Liquity V2 boasts major growth levers as the entirety of interests paid by users are redistributed to other users (75% to stability pools, 25% to PIL). Consequently, there can’t be value capture from this kind of intermediary, so more incentives to make BOLD competitive.

Although this revenue sharing confers important possibilities, its influence is highly dependent on the revenues generated by Liquity V2. Massive revenues enable massive incentives for growth potential, but zero revenues means zero incentives as well.

6.5 The friendly forks

In decentralized finance, we often have to strike a balance between predictability and evolution. A conservative system is predictable yet closed to any evolution, whereas an evolutive system can bring innovations yet can be unstable, even dangerous.

The Liquity team decided to pursue both extremes. The original version of Liquity V2 will opt for the maximally conservative setting with immutable contracts and only three assets as collateral.

The maximally evolutive side will be led by the friendly forks with the features mentioned in the friendly forks section.

The teams responsible for developing friendly forks can collaborate with the Liquity team to make sure their protocol is as safe as possible. Despite that, forks are the most vulnerable to bug exploits, due to the additional features they offer.

Additionally, we have to assume 2-3 forks will concentrate at least 80% of the economic activity dedicated to them, as some will be more innovative and/or hyped than others.

Final thoughts

Liquity V2 has maintained its commitment to create a genuinely decentralized stablecoin issuer, designed to operate in all market conditions with user-set interest rates. But throughout this topic, we can realize Liquity V2 has another objective in mind: bring disintermediation within stablecoin issuers as a whole.

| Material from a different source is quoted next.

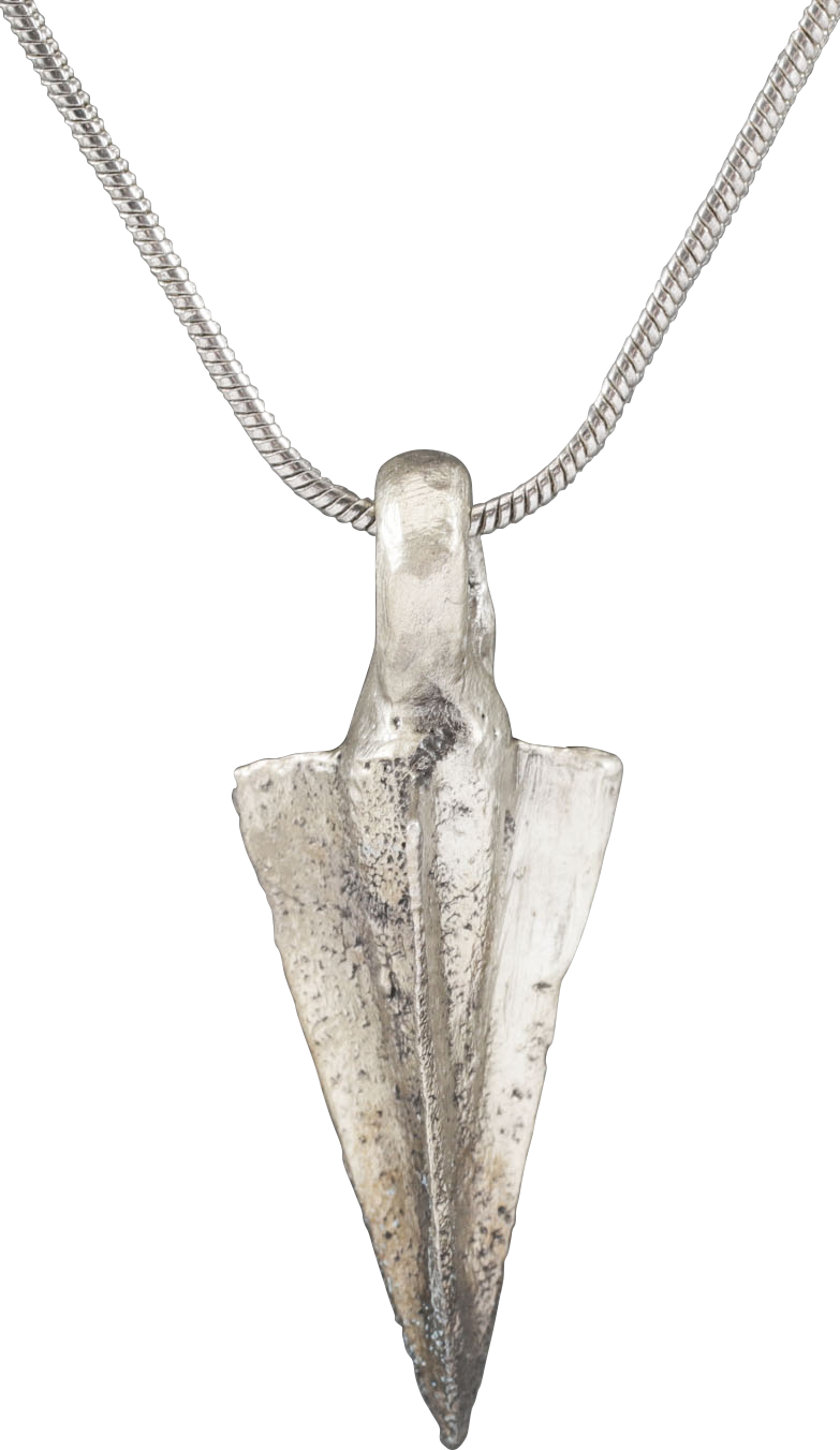 Silvered bronze, just under 1” (0.96”) length plus the suspension loop. Conical socket with fine three triangular veins with edges sharpened. The ancient Parthian empire, was centered in ancient Persia (Iran). It grew to power under Arsaces’ military conquests and experienced cultural enrichment from its keystone location on the Silk Road. Professionally refurbished with a silver surface and mounted on an 18” silver neck chain for modern wear. Gift boxed with certificate of authenticity.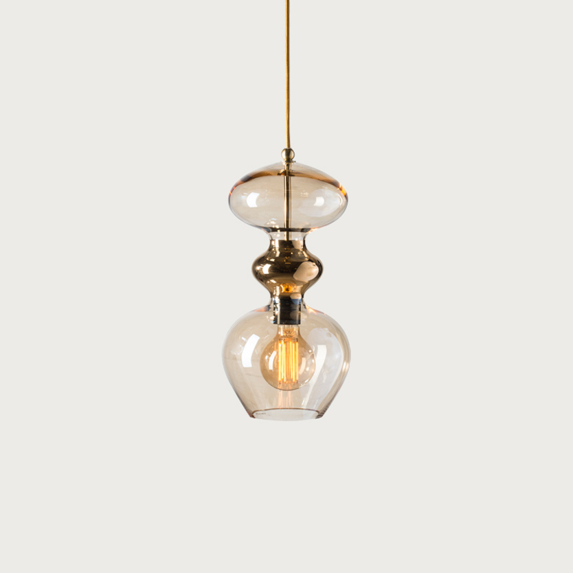 A blend of mouth-blown glass and metal finishes in a variety of colours.

Looking back at the stablecoin industry in general, most of the problems faced by stablecoin issuers stem from intermediaries, starting from stablecoin issuing companies:

  • The companies still represent a counterparty risk
  • Current regulations for these companies impose censorship mechanisms
  • Companies keep all revenues for themselves

Still, onchain stablecoin issuers also need disintermediation because they can struggle with intermediaries like onchain governance too. Governance is suboptimal for defining parameters such as interest rates, and it can be overridden.

The first stablecoin issuers were designed to imitate existing systems such as central banks. Liquity V2 is one of the projects that grasp blockchain's full potential for disintermediation, and applies it to stablecoins in the hope of solving their current problems.

Of course, the design of Liquity V2 required some tradeoffs that may limit its widespread use. That said, this stablecoin issuer is among those that come closest to the original values of decentralized finance: decentralization, disintermediation and censorship resistance.